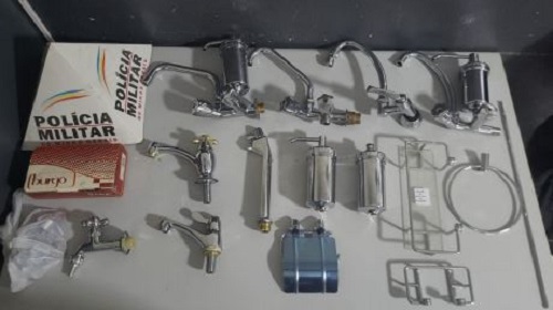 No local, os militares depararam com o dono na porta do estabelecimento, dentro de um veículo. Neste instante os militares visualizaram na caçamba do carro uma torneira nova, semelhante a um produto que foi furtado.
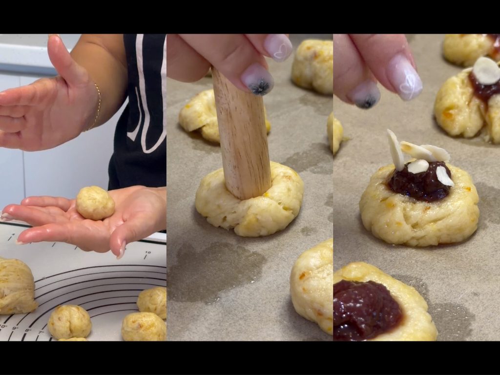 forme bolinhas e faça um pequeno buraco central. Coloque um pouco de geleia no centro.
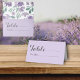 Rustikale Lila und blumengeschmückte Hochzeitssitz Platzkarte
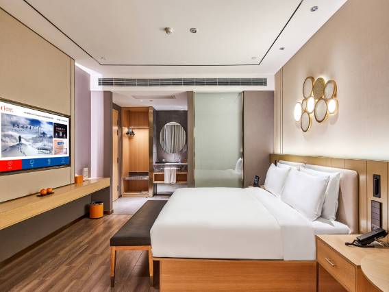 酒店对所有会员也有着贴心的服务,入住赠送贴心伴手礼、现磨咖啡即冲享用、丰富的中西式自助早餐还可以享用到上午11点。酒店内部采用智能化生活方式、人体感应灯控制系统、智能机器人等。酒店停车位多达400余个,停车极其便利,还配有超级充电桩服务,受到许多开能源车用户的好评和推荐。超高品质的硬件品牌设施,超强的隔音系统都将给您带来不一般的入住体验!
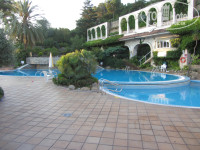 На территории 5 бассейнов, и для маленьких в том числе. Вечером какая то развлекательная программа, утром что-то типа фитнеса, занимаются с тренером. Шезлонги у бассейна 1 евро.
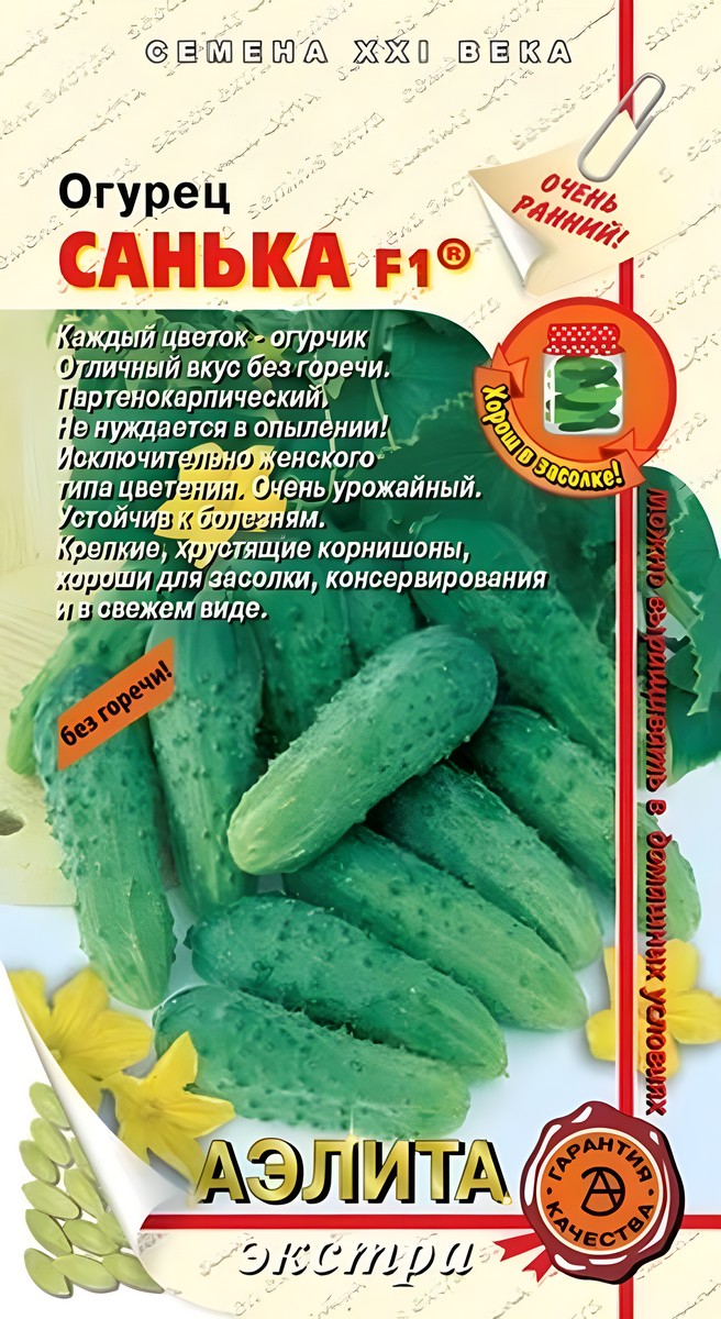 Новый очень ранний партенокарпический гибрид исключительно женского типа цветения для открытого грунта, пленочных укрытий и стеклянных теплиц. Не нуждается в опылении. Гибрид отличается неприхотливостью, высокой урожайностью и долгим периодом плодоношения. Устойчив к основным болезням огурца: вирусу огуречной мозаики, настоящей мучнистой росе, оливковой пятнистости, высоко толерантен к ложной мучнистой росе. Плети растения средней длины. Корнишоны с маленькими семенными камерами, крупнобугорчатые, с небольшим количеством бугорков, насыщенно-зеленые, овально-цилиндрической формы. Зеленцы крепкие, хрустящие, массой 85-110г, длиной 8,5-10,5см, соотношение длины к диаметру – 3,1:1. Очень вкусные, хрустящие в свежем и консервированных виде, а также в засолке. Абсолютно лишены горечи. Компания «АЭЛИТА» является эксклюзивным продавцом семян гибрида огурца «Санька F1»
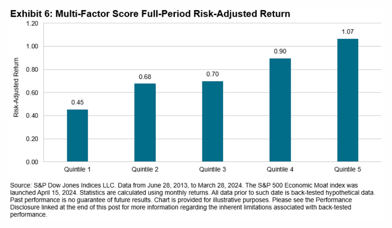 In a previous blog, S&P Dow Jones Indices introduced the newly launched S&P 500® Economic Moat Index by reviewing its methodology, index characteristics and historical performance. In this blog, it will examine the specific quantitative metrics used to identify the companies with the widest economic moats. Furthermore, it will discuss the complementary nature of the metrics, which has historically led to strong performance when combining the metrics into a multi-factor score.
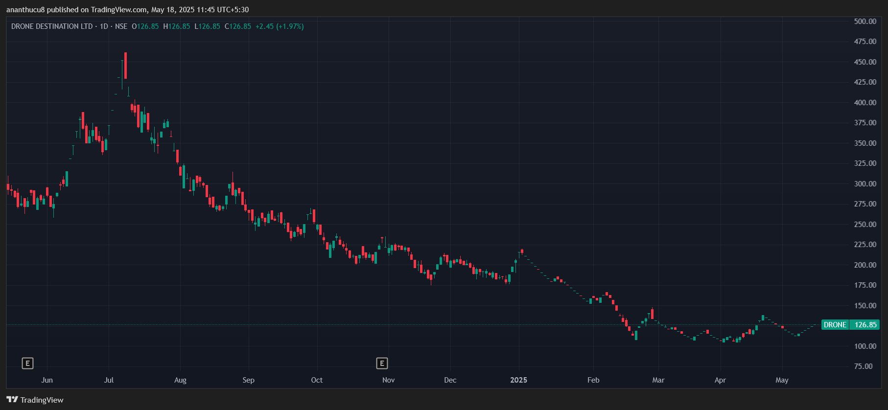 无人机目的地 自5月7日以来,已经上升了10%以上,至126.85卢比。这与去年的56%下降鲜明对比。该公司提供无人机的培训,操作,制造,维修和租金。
========================================
* Task instructions: What is needed is an exact copy of the lines above from the one with "forme bolinhas e" to the one with "На территории 5", both ends kept, and nothing more; please leave the pictures out.

* Reply to the task:
 forme bolinhas e faça um pequeno buraco central. Coloque um pouco de geleia no centro.
 Rustikale Lila und blumengeschmückte Hochzeitssitz Platzkarte
 酒店对所有会员也有着贴心的服务,入住赠送贴心伴手礼、现磨咖啡即冲享用、丰富的中西式自助早餐还可以享用到上午11点。酒店内部采用智能化生活方式、人体感应灯控制系统、智能机器人等。酒店停车位多达400余个,停车极其便利,还配有超级充电桩服务,受到许多开能源车用户的好评和推荐。超高品质的硬件品牌设施,超强的隔音系统都将给您带来不一般的入住体验!
 На территории 5 бассейнов, и для маленьких в том числе. Вечером какая то развлекательная программа, утром что-то типа фитнеса, занимаются с тренером. Шезлонги у бассейна 1 евро.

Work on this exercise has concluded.